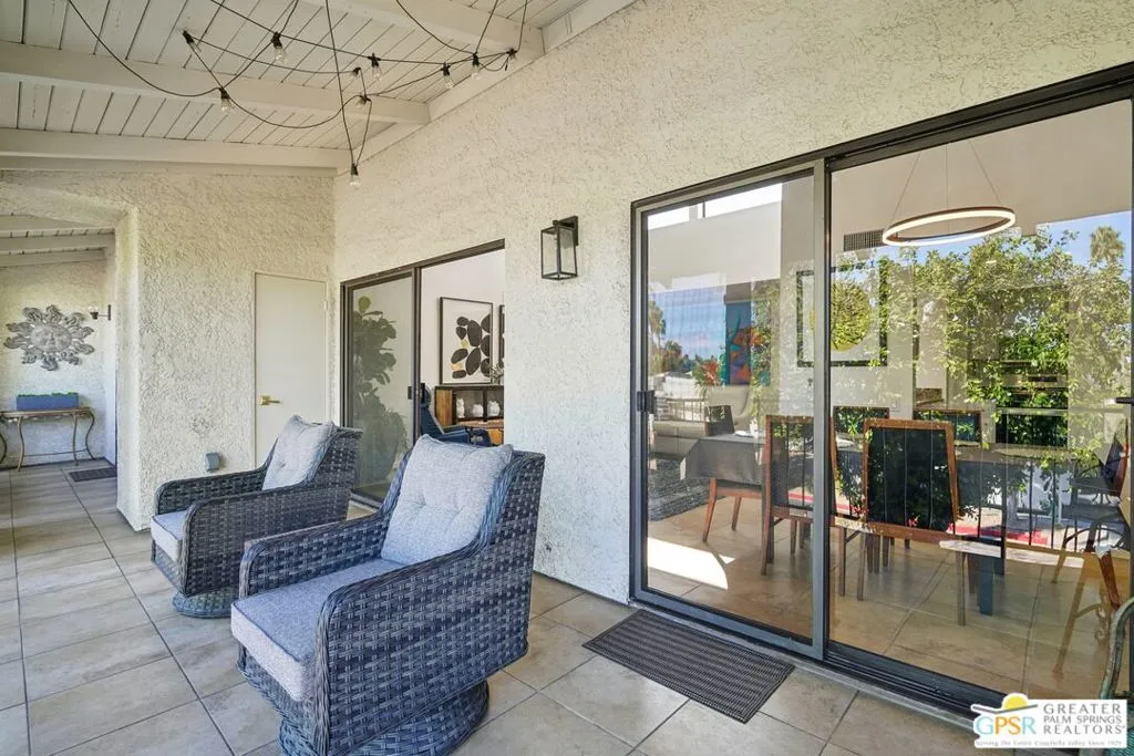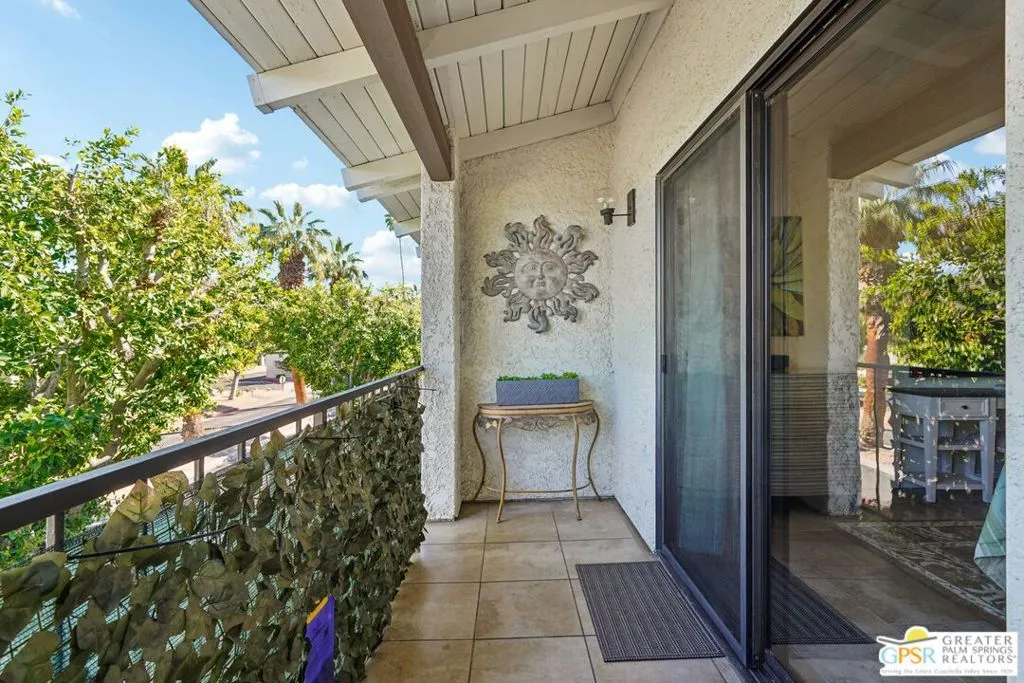 Welcome to Rancho La Paz Condominiums in Deepwell and across E Palm Canyon from Smoketree Shopping Center. The Smart Floorplan features Two Ensuite Bedrooms at opposite ends of the Great Room. Granite Counters and New Stainless Appliances adorn the kitchen. High Cathedral Ceilings with Clerestory Windows create an airy, open feel flooding the Great Room and Dining Area with abundant natural light. Recently Painted throughout. Experience the endless treetop views from within the Private Balcony Patio, which extends the full width, and is accessed from the Living Area and Primary Suite. Enjoy 3 Pools/Spas, Tennis Courts, Pickle Ball Court Dog Park and beautifull well maintained grounds. Dedicated covered parking. Walkable neighborhood close to Koffi, Elmers, Smoke Tree shopping center. Easy access to public transportation.
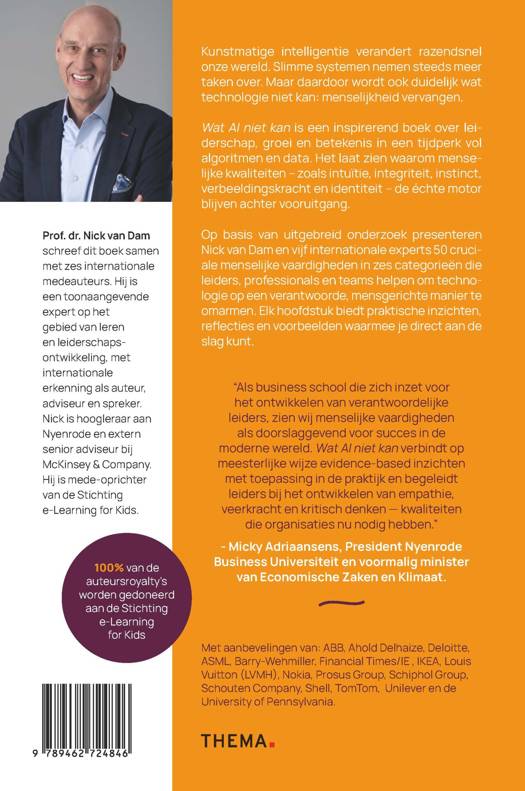 Wat AI niet kan is een inspirerend boek over leiderschap, groei en betekenis in een tijdperk vol algoritmen en data. Het laat zien waarom menselijke kwaliteiten – zoals intuïtie, integriteit, instinct, verbeeldingskracht en identiteit – de échte motor blijven achter vooruitgang.
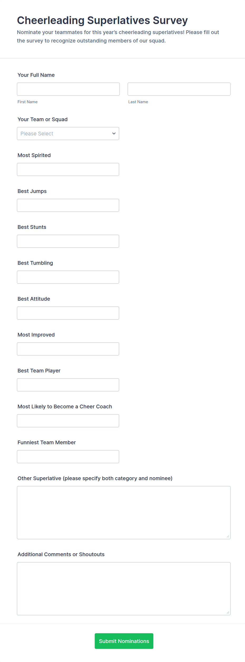 3. What information is typically collected on a cheerleading form?
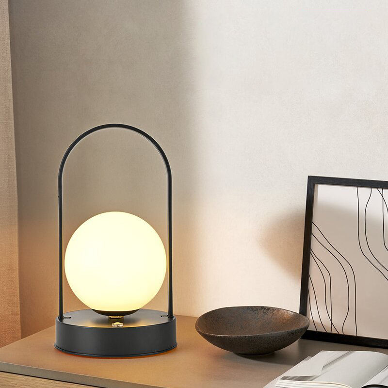 Lampe de table LED nordique moderne avec boule Lampe de bureau en ABS avec liseuse pour chambre et salon
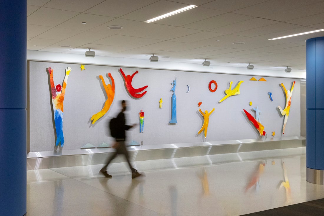 A series of exuberant, waving figures and depictions of San Francisco landmarks highlight the wall piece, designed to greet and welcome visitors from around the world.
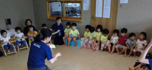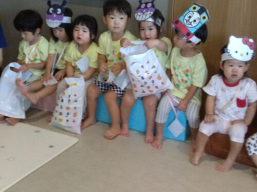 夏まつり会が終わった後は、にこにこ笑顔の子どもたち。
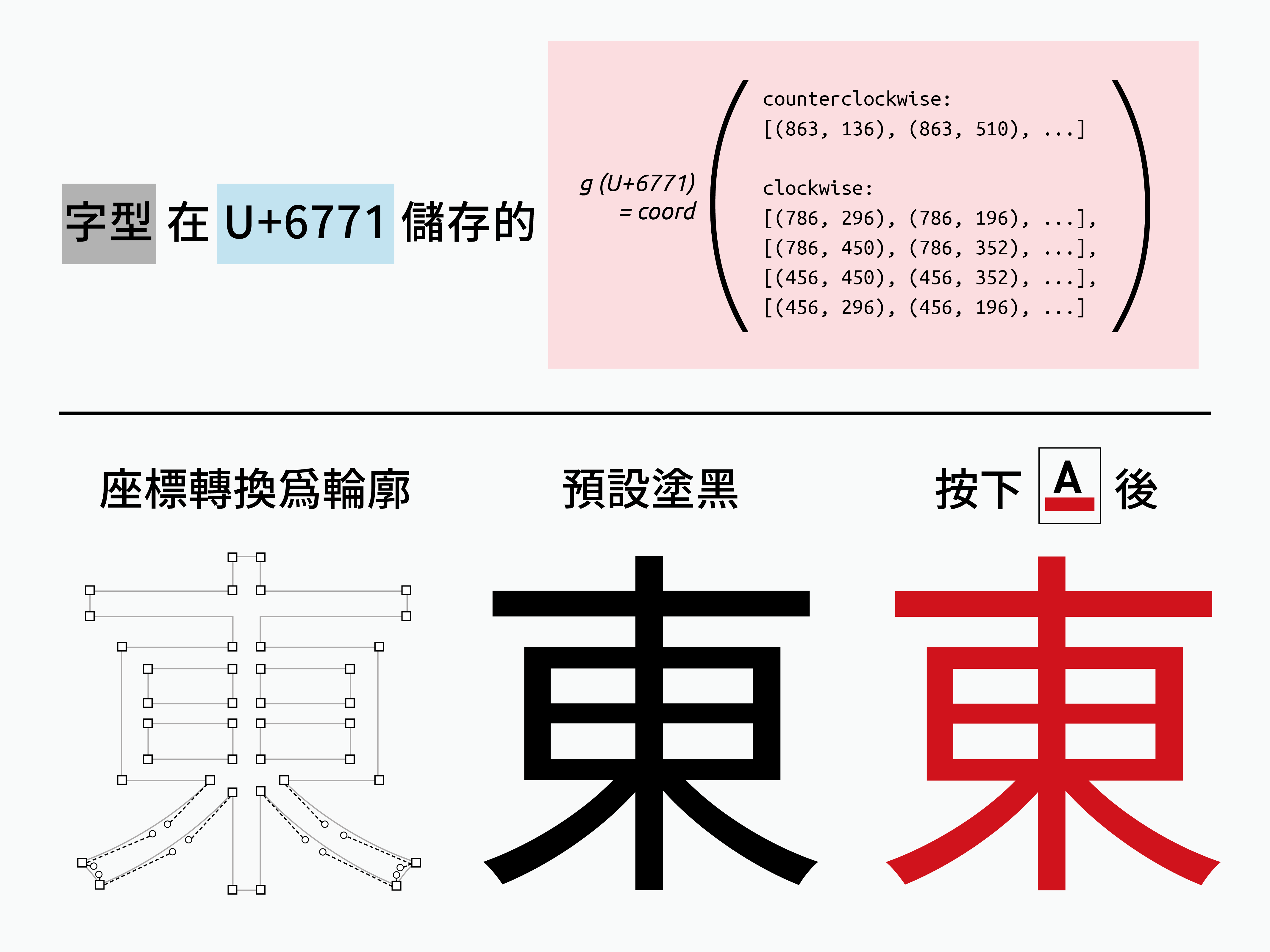 想要顯示彩色的字符,最直覺的想法就是在原本放路徑座標的櫃子裡,改成放一張圖片。如此一來,電腦還是能透過碼位,檢索字型檔案裡面的字符位置,只是這次找到的不是座標點,而是一張圖片。
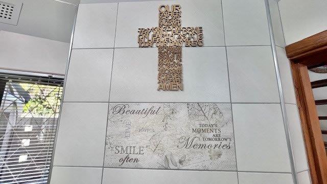 The lower level features a spacious open-plan lounge, dining area, and kitchen. The kitchen is beautifully finished with stylish cupboards and fitted with both a gas and electric stove—perfect for preparing meals with ease. The lounge flows out onto a private patio with a built-in braai, making it a great space for entertaining. This level also includes a guest bathroom for convenience, as well as an enclosed courtyard with a private outdoor shower. The tiled garage is plumbed for a washing machine.
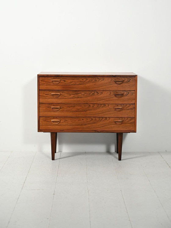 Ladekast uit de jaren 60 van palissanderhout met vier laden en sculpturale handgrepen, ontworpen door Kai Kristiansen.
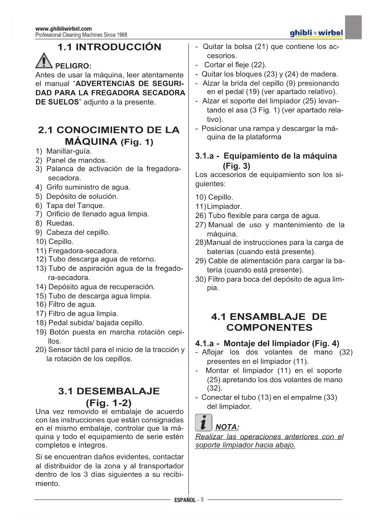 (Fig. 1-2) Una vez removido el embalaje de acuerdo con las instrucciones que están consignadas en el mismo embalaje, controlar que la má- quina y todo el equipamiento de serie estén completos e íntegros. Si se encuentran daños evidentes, contactar al distribuidor de la zona y al transportador dentro de los 3 días siguientes a su recibi- miento. - Quitar la bolsa (21) que contiene los ac- cesorios. - Cortareleje(22). - Quitar los bloques (23) y (24) de madera. - Alzar la brida del cepillo (9) presionando en el pedal (19) (ver apartado relativo). - Alzar el soporte del limpiador (25) levan- tando el asa (3 Fig. 1) (ver apartado rela- tivo). - Posicionar una rampa y descargar la má- quina de la plataforma
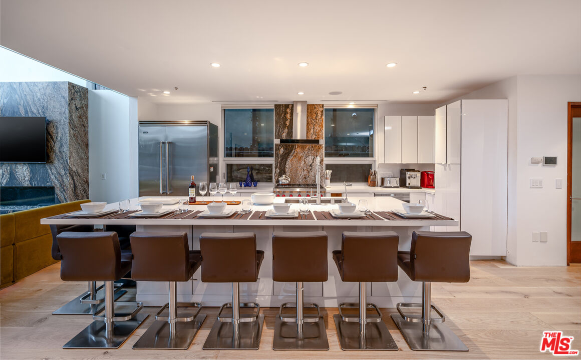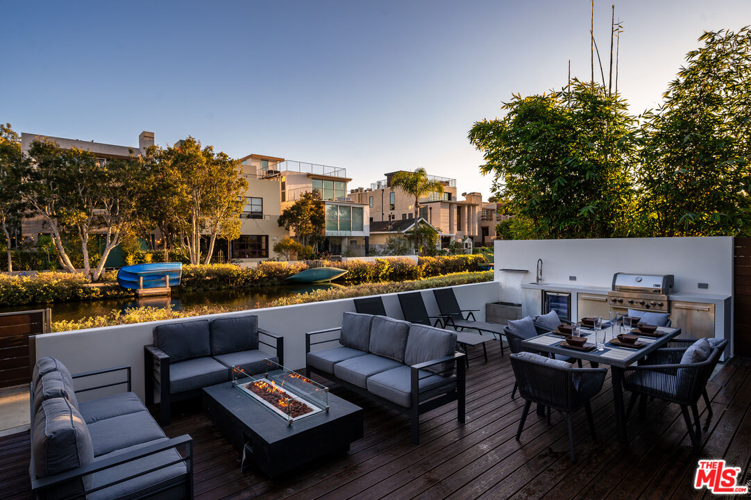 Welcome to this very special contemporary canal home. You enter this three story architectural property directly from the canal, into a thoughtfully designed outdoor oasis featuring ample room for lounging, dining, and entertaining. A tranquil water fountain sets the the tone besides the outdoor kitchen fully equipped with a built in bbq, refrigerator, and storage, all under the cover of a retractable canopy, perfect for shade and staying cool on those hot summer days. Built in 2012, this canal front architectural residence has been recently remodeled, with updated features that defines today's modern, luxury home. Step inside the main living area, you are welcomed with soaring two-story ceilings, a dramatic fireplace and a statement chandelier that anchors the conversational seating area. The home chefs delight of a kitchen is centered around a large island perfect for entertaining or casual diners at home. Top of the line stainless steel appliances including a Viking refrigerator, Wolf range, & wine fridge, perfect for preparing memorable meals. The ground floor has a second entry area styled as a speak easy, which leads to an enclosed office that overlooks mature landscaping, making for a quiet peaceful environment to complete homework and business alike. Ascend the elegant glass and wood stair case to the more intimate living/tv area that over looks the main living room below, with canal views framed by double height windows. Also on this floor are two bedrooms, each with their own bathroom. The 2nd bedroom can function as a Junior suite - spacious, with its own balcony and luxurious bathroom with shower and tub. The third level is dedicated to the primary suite, which includes a private balcony, walk in closet, and a fire place that extends into the spa like bathroom. Here you will find a gorgeous free standing soaking tub, a generous sized shower and a cozy place by the fire for the ultimate in relaxation. Alongside the bedroom area is a versatile flex space
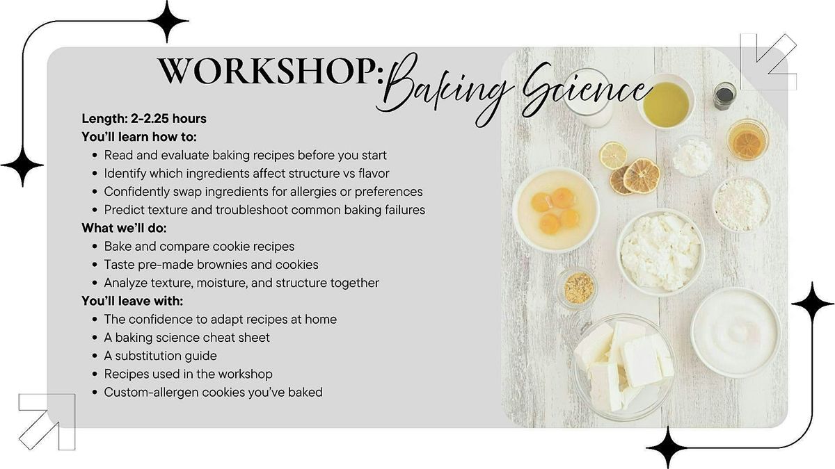 In this hands-on workshop, we’ll compare real cookie and brownie recipes, experiment with ingredient swaps like butter vs. vegan butter and egg vs. flax, and bake side-by-side variations to see how texture and flavor change. It’s part experiment, part tasting lab, and part guided kitchen session, designed to make baking feel approachable. You’ll taste, predict, and troubleshoot together, turning baking from guesswork into something that finally makes sense. Participants take home all of their individual baked goods.
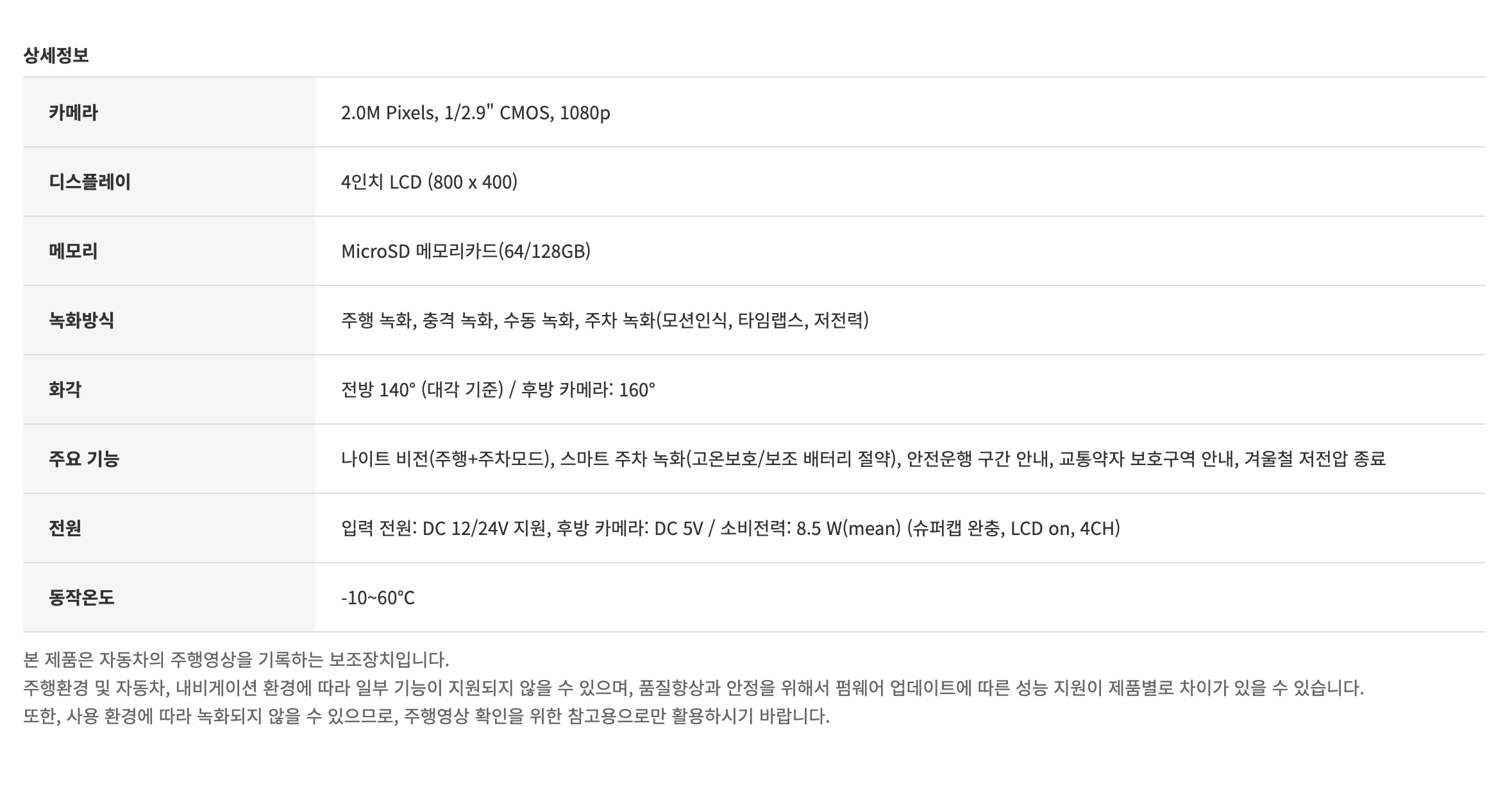 제조사 상품기술서 참조
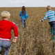 Camera following group of kids running in the wheat playing tag game
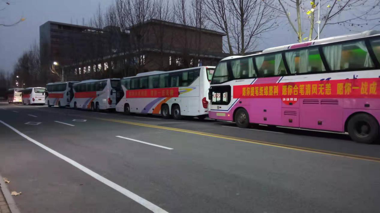 2021年12月25日-26日为全国硕士研究生入学考试。beats365中文官网组织六辆大巴并安排六名送考老师将312名考研员工送至沁园中学考点参加考试。
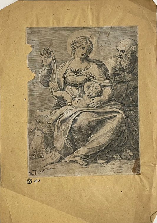 Annibale Carracci Engraving: Saint Mary and Saint Joseph with the Christ
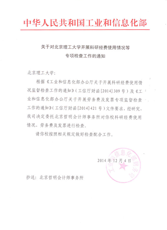 转关于北京理工大学开展科研经费使用情况等专项检查工作的通知
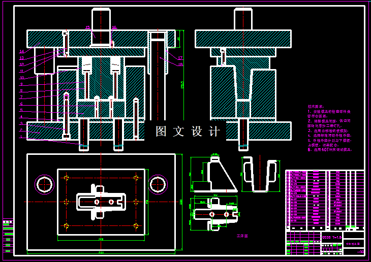 由于是中批量生产,单工序模具成本低,工序多,周转也困难,而且此形状又不适合于级进模,过测量和计算,孔边到外形的最小距离是10.9mm,而材料厚度为1.5,所以此边到边的距离应超过1.5t=2.25才能一起冲,所以符合复合模设计原理,经过以上分析,最终确定只能选择三副模具,虽然工序多,周转困难,但符合设计要求和原理。 产品材料为Q235钢,属于普通碳素钢,厚度也属于一般的冷轧碳素钢薄板及钢带,抗剪强度310-380MPa,抗拉强度380-470MPa。709034
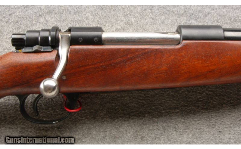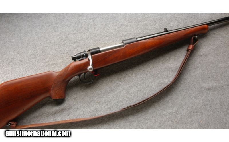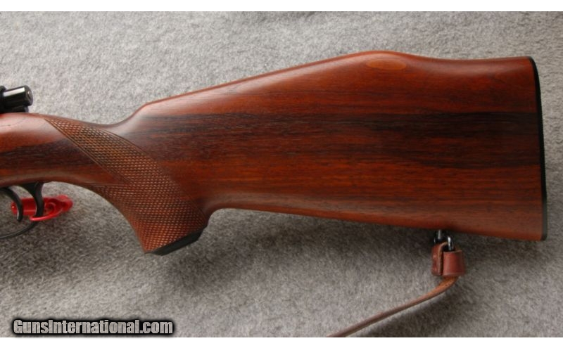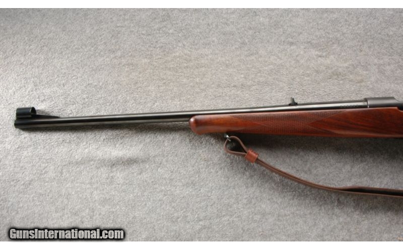 Description: This is a nice clean sporting rifle. The wood and blue are in excellent condition. The rifle is drilled and tapped for scope bases and sports fixed iron sights. SOLD Caliber Info: 7 MM Rem Mag. Chambers: Bolt action repeater. Metal Condition: Excellent. Wood Condition: Excellent. Bore Condition: Bright and shiny. Barrels: 22 inch round blue. Triggers: Single. Stock: Very nice walnut with a high comb and a checkered pistol grip. Stock Dimensions: 13 1/2 Inch LOP. Fore End: Matching checkered walnut with a schnable. Butt Pad: Black butt plate. Weight: 7 lb. - 5 oz. Sights: Factory iron sights. Extras: Comes with a nice leather sling. Item Location: Owatonna, MN |

***

WHAT YOU NEED TO DO:
Take the material above from the line bearing "夏まつり会が終わった後は、にこにこ笑顔の子どもたち。" through the line bearing "(Fig. 1-2) Una" and write it out exactly, both end lines included. Pictures stay out.

YOUR SOLUTION:
 夏まつり会が終わった後は、にこにこ笑顔の子どもたち。
 想要顯示彩色的字符,最直覺的想法就是在原本放路徑座標的櫃子裡,改成放一張圖片。如此一來,電腦還是能透過碼位,檢索字型檔案裡面的字符位置,只是這次找到的不是座標點,而是一張圖片。
 The lower level features a spacious open-plan lounge, dining area, and kitchen. The kitchen is beautifully finished with stylish cupboards and fitted with both a gas and electric stove—perfect for preparing meals with ease. The lounge flows out onto a private patio with a built-in braai, making it a great space for entertaining. This level also includes a guest bathroom for convenience, as well as an enclosed courtyard with a private outdoor shower. The tiled garage is plumbed for a washing machine.
 Ladekast uit de jaren 60 van palissanderhout met vier laden en sculpturale handgrepen, ontworpen door Kai Kristiansen.
 (Fig. 1-2) Una vez removido el embalaje de acuerdo con las instrucciones que están consignadas en el mismo embalaje, controlar que la má- quina y todo el equipamiento de serie estén completos e íntegros. Si se encuentran daños evidentes, contactar al distribuidor de la zona y al transportador dentro de los 3 días siguientes a su recibi- miento. - Quitar la bolsa (21) que contiene los ac- cesorios. - Cortareleje(22). - Quitar los bloques (23) y (24) de madera. - Alzar la brida del cepillo (9) presionando en el pedal (19) (ver apartado relativo). - Alzar el soporte del limpiador (25) levan- tando el asa (3 Fig. 1) (ver apartado rela- tivo). - Posicionar una rampa y descargar la má- quina de la plataforma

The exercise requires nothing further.